Friday, October 3, 2014

Shangri-La {Part 2}

{This is Part 2 of this story.  If you haven't yet, please read Part 1 here. All these posts are in my 31 Days of Surprise Endings}

Mom spent half of the ride with her eyes wide and trained on the driver, mentally willing him to caution, and the other half with her eyes were squeezed tightly shut, and I knew from the subtle movements of her lips that she was praying.  

Dad, though, was the complete opposite, a portrait of elation.  Every twist of the infinitely twisty road offered him another opportunity to exclaim profusely at the beautiful scenery.  There were rugged cliffs looming high above us on one side of the road and plummeting on the other side towards a rocky river.  The further we went, the more we could see of the mountains, breathtaking in their height and capped in snow. 

Mom’s prayer and telepathy combination worked because finally, after an impossibly long day, we reached our destination.  She stood on shaky legs in the late afternoon sunlight and closed her eyes again, filling her lungs with the cold mountain air.  As she exhaled, she said, "Praise the Lord." 

Dad looked supremely happy as he took in the view.  The village hugged the craggy side of a mountain; below us was the river valley.  Some of the tallest mountains in the world pushed up towards the sky around us, many of them reaching elevations of more than twenty thousand feet. 

"Kids!" Dad said, the excitement in his voice barely controlled.  "Look! This is – or could be anyway –“ he almost choked with emotion before he whispered dramatically, "Shangri-La."

"Shangri-La?"  Jenny repeated, in that dubious tone eight-year-olds are so good at.  "What's that?" 

"Yeah, you know, this glorious place, this…" his voice broke as he was overcome with emotion and he nodded, thrusting his arms forward to indicate the scenery.  "It's Paradise."

I had my doubts.  Serious doubts.  For one thing, it seemed like Paradise would have a nicer place to stay. 

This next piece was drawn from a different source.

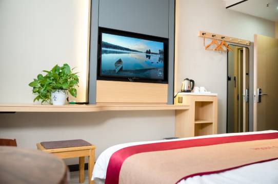 房间卫生不错,前台服务人员接待很热情服务很周到。房间很细心的还放了一盆绿萝,房间里很暖和。就是整体空间不大,早餐种类少,有鸡蛋、小花卷、蛋花汤、包心菜凉调四种。另外卫生间干湿分离不够,洗个澡整个卫生间地板都是水,很滑,幸亏还放了一双拖鞋。

Our “hotel” was in a single-story bungalow with a low roof of corrugated tin painted kelly green, and the whitewashed walls of our room were completely unadorned.  While maybe not quite ugly, it was sparse, unattractive and most definitely uncomfortable.  It was the kind of room found in monasteries for those who believe their horrible sins must be atoned through discomfort.  A single bare bulb hanging from the ceiling cast feeble light around the room at night, and during the day, a little bit of sunlight came through a tiny window.  This place was slightly better than some of Dad's typical accommodations in that the bathroom was attached, and it had running water, but the water that came from the faucets had just melted off the nearby glaciers and was therefore barely warmer than freezing and heavily flecked with silt.  All the beds were the size of narrow army cots, with mattresses made from straw that poked through the rough, thin sheets and made me itch all night.

One semi-pleasantry was that every meal was served on the porch, with its fantastic views of the valley and towering mountains.  Lunchtime, when the sun was at its zenith, was tolerably warm, but in the chilly mornings and evenings, this al fresco dining became less appealing.  And even though I didn't eat much during the five days we spent in Hunza, I still managed to come down with some kind of intestinal problem.  

We spent our days there traveling around the valley – hiking for miles along steep, rocky trails to where we could view the Batura glacier, visiting the old forts, walking through the quaint village with its orchards of apricot trees.  Every day, we heard artillery practice from the Pakistani army, and sometimes, there were loud explosions that shook the ground and made me jump.  I fearfully asked Dad what was happening, and he explained that we were near an army base, and that it was all just part of their daily routine of training. 

Finally, it was time for us to leave for Rawalpindi.